MPs hear how only a third of children in England with mental health problems get NHS help.
Government plans for mental health support teams in a third of schools in England by 2022-23 lack ambition and need to be stepped up, MPs have heard.
Children’s wellbeing expert Lord Layard urged the Commons education committee to push for a national rollout before the end of this Parliament.
He also said only a third of children with diagnosable mental ill health get support from specialist NHS services.
The figure was “shocking” and the situation was “unbelievable”, he said.
The government aims to have 400 mental health support teams covering a third of pupils by 2023.
The teams offer lower level mental health support in groups of schools, mainly via NHS wellbeing practitioners who have received bespoke training.
But the demand for support has risen substantially recently. Last week, the BBC revealed a 77% increase in referrals to specialist services.

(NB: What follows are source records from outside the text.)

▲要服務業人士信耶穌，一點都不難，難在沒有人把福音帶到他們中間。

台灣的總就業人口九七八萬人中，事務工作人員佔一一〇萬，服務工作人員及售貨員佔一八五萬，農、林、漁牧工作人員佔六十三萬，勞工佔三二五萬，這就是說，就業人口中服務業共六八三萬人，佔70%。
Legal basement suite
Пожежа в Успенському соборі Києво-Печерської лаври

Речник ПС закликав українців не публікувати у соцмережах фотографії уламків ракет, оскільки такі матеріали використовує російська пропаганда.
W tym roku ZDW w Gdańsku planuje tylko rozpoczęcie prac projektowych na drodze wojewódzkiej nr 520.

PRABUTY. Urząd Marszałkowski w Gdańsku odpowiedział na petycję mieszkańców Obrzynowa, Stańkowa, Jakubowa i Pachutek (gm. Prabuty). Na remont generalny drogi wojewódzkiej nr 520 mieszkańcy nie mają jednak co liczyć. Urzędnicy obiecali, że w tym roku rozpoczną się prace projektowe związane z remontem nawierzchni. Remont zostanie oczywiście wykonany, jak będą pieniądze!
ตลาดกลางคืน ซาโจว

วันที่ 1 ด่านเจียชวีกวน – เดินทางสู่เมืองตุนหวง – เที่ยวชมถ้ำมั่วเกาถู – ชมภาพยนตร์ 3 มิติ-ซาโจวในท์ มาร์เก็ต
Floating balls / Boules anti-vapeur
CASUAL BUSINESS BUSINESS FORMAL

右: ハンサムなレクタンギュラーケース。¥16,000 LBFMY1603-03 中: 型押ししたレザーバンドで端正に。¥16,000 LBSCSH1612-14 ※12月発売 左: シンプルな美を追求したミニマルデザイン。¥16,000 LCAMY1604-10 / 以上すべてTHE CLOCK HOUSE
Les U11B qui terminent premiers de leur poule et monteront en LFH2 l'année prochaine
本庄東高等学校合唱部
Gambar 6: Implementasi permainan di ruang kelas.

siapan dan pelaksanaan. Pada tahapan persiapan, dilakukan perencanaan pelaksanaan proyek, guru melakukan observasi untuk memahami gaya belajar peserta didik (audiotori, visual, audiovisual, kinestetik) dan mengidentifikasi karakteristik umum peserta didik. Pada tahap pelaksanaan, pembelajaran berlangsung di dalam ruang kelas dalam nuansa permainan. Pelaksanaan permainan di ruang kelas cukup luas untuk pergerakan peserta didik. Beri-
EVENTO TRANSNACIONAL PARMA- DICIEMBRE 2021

The committee heard there were serious problems in accessing support at this end of the spectrum.
Lord Layard told the committee: “The young people in the most trouble are the people who are diagnosable – we are talking about 10% of our children.

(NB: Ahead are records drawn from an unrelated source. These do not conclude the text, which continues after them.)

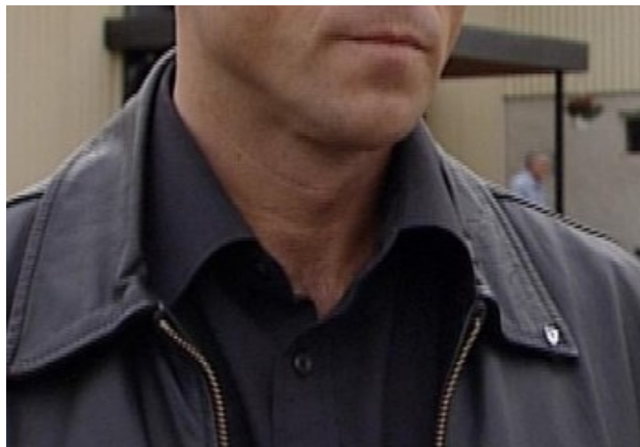
Mayor of Båtsfjord municipality, Geir Knutsen welcomes the expansion of the fishing industry.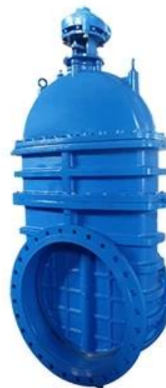
LARGE DIAMETER METAL SEATED GATE VALVE DN700-DN2000,PN10/16/25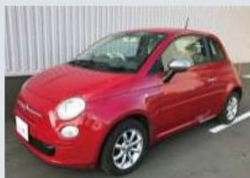
外観（前・後・横・斜め）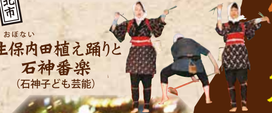
生保内田植え踊りと石神番楽 (石神子ども芸能)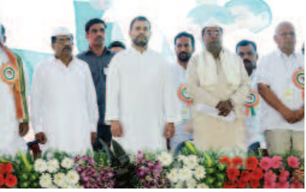
రైతులు ఎలా సోమరులవుతారని రాహుల్ ప్రశ్నించారు. ఈ కార్యక్రమంలో సీఎం సిద్ధరామయ్య, లోక్ సభలో కాంగ్రెస్ పక్ష నేత మల్లికార్జున ఖర్గే తదితరులు పాల్గొన్నారు.

న్యూఢిల్లీ : ప్రధాని నరేంద్రమోదీ సారథ్యంలోని బీజేపీ ప్రభుత్వం తప్పుడు హామీలతోనే కాలం గడుపుతున్నదని కాంగ్రెస్ పార్టీ ఉపాధ్యక్షుడు రాహుల్ గాంధీ ఆరోపించారు. రైతులు, నిరుద్యోగుల సమస్యలను పట్టించుకోవడం లేదన్నారు. యూపీఏ ప్రభుత్వ హయాంలో వెనుకబడిన హైదరాబాద్ కర్ణాటక ప్రాంతానికి ప్రత్యేక హోదా కల్పిస్తూ రాజ్యాంగంలో 371 (జే) అధికరణానికి సవరణలో కీలక పాత్ర పోషించిన రాహుల్ గాంధీని కర్ణాటక ప్రదేశ్ కాంగ్రెస్ కమిటీ నన్యానించింది. ఈ సందర్భంగా ఆయన మాట్లాడుతూ.. కేంద్ర ఆర్థిక మంత్రి అరుణ్ జైట్లీ పంట రుణాల మాఫీ తమ ప్రభుత్వ పాలన కారణం, రైతులను సోమరులను చేయడంపై అన్నారు రాహుల్ గుర్తు చేశారు. ఇదే ప్రభుత్వం పారిశ్రామిక రుణాలు మాఫీ చేసినప్పుడు 10 మంది అత్యంత సంపన్న పారిశ్రామికవేత్తలు సోమరులు కావచ్చుడు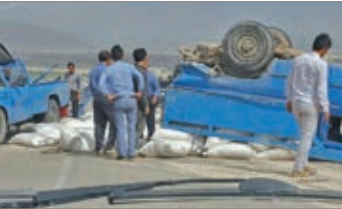
حادثه در قاپ

برخورد ۲ خودروی نیسان در محور بجنورد-آشخانه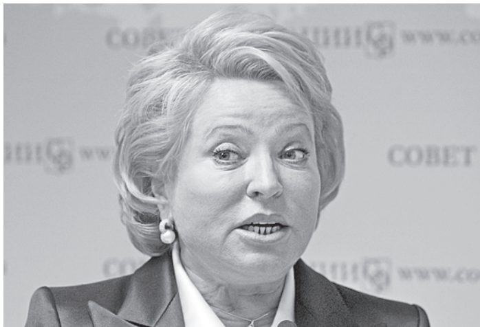
Валентина Матвиенко предложила перевести штаб-квартиры крупнейших отечественных бизнес-структур из Москвы в регионы.

Минфин согласен реструктурировать часть бюджетных кредитов регионам, сообщил министр финансов Антон Силуанов. «Мы по ряду субъектов РФ перенесли срок погашения кредитов с этого года на следующий в рамках трехлетнего периода действия этого бюджетного кредита. Это потребует дополнительно 70 миллиардов рублей источников финансирования дефицита бюджета, которые мы будем закрывать», - цитирует чиновника РИА Новости. Силуанов уточнил, что эти средства регионы должны будут вернуть в следующем году. Напомним, субъекты Федерации в 2013 году должны погасить перед федеральным бюджетом долги на 420,6 миллиарда рублей. При этом общий объем задолженности на 1 января 2013 года составил 1,36 триллиона рублей, что соответствует 26,1% доходов региональных бюджетов. В 2014 году ситуация для реги-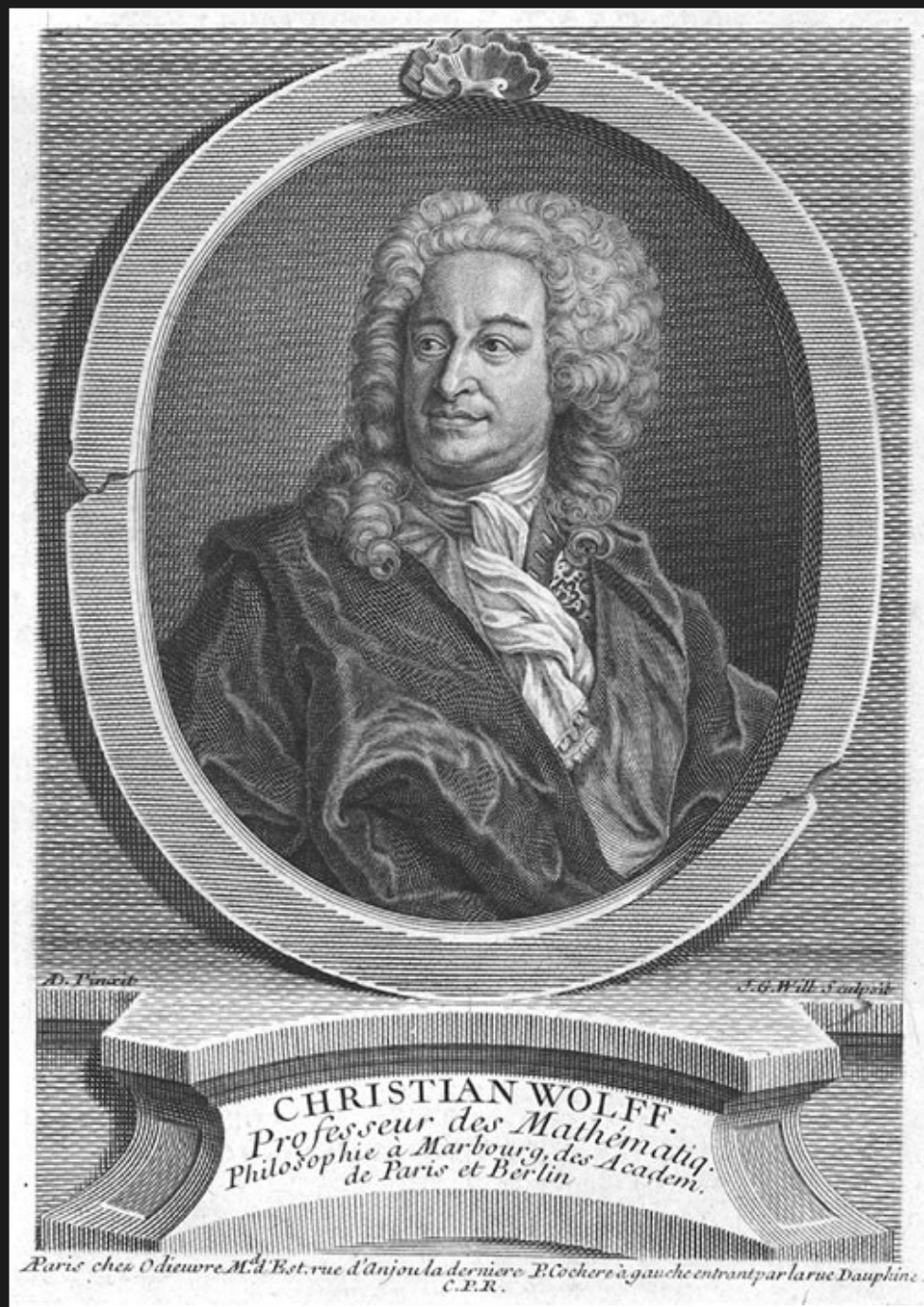
Ch. Wolff (1679 – 1754)

“The shocking thing is that only about a third of these children get any form of specialist support. This is much worse than for adults.”

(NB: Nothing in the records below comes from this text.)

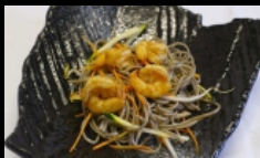
136. EBI YAKI SOBA spaghetti di grano saraceno saltati con verdure misto, uova e gamberi, guarnito con granelle di arachidi € 4.50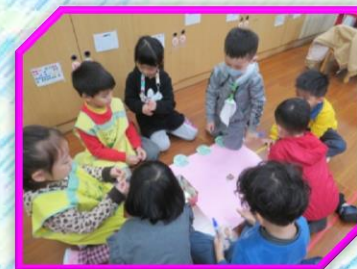
小組合作商品分類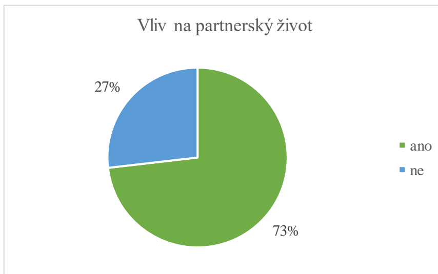
Obrázek 1 Vliv směnného provozu na partnerský život

Na otázku, zda se respondentka domnívá, že práce ve směnném provozu ovlivňuje její partnerský život odpovídá graf znázorněný na obrázku č. 1. Drtivá většina respondentek (30; 73,2 %) uvedlo, že ano. Zbýlých 11 respondentek (26,8 %) se domnívalo, že směnný provoz na jejich partnerský život vliv nemá.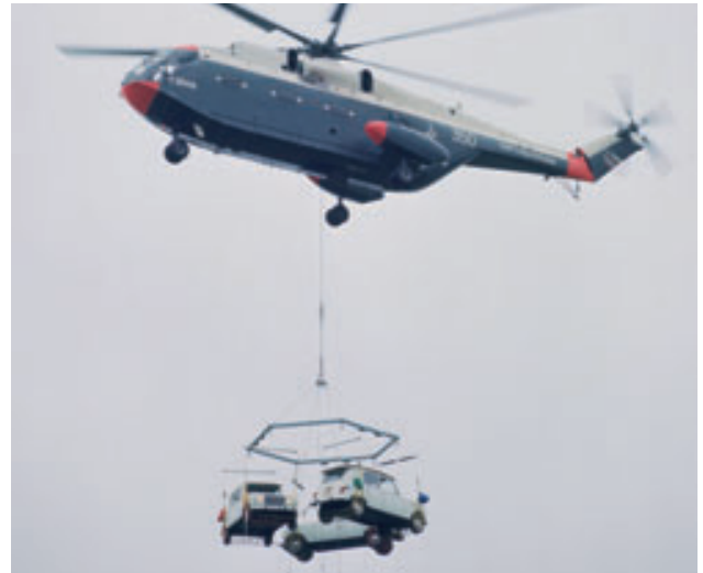
> Insolite - 1971

L'automobile aura son jean. Et Pierre Dreyfus commence par en fixer le prix. Ce sera 350 000 francs, et pas un sou de plus ! Le message est si net que les concepteurs vont tout bonnement appeler le projet «la 350». Autant dire que l'étude de la voiture part d'un coût, soit une méthode tout à fait inhabituelle pour l'époque.

He added: “It’s unbelievable that we have that situation, we have CAMHS (child and adolescent mental health services) that has such a high threshold – unless you’re stabbing your sister, or something like, that you’re assessed not to be bad enough.
“And until recently there have been no resources for anyone below the CAMHS threshold.”
This figure is in line with the latest report from England’s children’s commissioner, which analysed children’s access to treatment and found 32% of children with a diagnosable mental health need were accessing treatment in 2020-21.
Mouhssin Ismail, principal of Newham Collegiate Sixth Form in east London, which has its own counsellors in school, said demand was out-stripping supply.
“Even when we refer to CAMHS, the waiting lists are significant and the students that need the help are not getting it in a timely manner,” he said.
Catherine Roach, chief executive of Place2Be children’s mental health charity – which has teams embedded in schools – said children were coming forward with really severe needs.
She said the government’s mental health support teams were a good initiative, but they needed to be everywhere.
The committee also heard how children who had poor wellbeing tended to do less well in their studies.